Work instruction: Work out how many lines below contain "with". Provide only the figure.
^^^^^^^^^^^^^^^^
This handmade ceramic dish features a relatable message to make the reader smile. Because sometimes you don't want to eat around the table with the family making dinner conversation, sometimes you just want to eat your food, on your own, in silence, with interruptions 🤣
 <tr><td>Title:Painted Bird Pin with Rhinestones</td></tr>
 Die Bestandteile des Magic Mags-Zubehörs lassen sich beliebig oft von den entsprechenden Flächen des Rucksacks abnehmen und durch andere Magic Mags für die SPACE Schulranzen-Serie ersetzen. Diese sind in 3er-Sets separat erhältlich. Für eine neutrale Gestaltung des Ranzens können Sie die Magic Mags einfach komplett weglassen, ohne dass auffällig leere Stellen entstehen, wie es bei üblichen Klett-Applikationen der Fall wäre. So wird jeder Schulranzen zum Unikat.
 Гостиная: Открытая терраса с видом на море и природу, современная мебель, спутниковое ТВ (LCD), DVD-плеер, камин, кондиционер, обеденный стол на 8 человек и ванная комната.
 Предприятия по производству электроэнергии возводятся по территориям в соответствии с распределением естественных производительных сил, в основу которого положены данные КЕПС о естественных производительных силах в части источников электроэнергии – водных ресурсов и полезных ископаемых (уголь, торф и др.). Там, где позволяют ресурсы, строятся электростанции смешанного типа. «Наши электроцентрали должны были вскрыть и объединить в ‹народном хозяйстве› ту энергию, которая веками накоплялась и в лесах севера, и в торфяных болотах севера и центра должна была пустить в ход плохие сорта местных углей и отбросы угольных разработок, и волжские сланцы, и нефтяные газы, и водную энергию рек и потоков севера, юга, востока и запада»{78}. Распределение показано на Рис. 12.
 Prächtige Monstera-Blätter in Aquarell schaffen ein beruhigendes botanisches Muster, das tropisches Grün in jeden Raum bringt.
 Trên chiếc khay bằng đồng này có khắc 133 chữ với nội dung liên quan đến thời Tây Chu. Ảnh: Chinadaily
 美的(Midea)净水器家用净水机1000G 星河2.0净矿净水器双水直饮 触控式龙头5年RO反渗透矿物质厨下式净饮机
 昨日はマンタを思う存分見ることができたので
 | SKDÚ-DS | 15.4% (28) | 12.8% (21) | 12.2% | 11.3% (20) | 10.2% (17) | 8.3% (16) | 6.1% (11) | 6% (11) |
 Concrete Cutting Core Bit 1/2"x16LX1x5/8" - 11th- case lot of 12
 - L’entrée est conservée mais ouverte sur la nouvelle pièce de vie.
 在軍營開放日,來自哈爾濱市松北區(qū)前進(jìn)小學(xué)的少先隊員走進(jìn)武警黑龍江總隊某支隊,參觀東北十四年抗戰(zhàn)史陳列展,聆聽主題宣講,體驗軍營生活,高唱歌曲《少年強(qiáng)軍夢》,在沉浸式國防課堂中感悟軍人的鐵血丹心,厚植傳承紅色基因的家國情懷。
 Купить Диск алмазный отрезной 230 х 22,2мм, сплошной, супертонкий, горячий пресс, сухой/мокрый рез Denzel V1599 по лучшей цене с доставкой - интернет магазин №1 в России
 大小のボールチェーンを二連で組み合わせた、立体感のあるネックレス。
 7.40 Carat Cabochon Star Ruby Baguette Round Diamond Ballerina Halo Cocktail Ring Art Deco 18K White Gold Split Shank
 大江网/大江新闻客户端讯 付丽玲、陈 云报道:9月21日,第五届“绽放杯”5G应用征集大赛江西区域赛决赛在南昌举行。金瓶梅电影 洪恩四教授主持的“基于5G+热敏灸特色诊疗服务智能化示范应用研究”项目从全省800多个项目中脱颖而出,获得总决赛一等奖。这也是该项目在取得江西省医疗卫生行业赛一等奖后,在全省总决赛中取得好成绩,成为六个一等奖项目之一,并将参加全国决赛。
^^^^^^^^^^^^^^^^
Task response: 2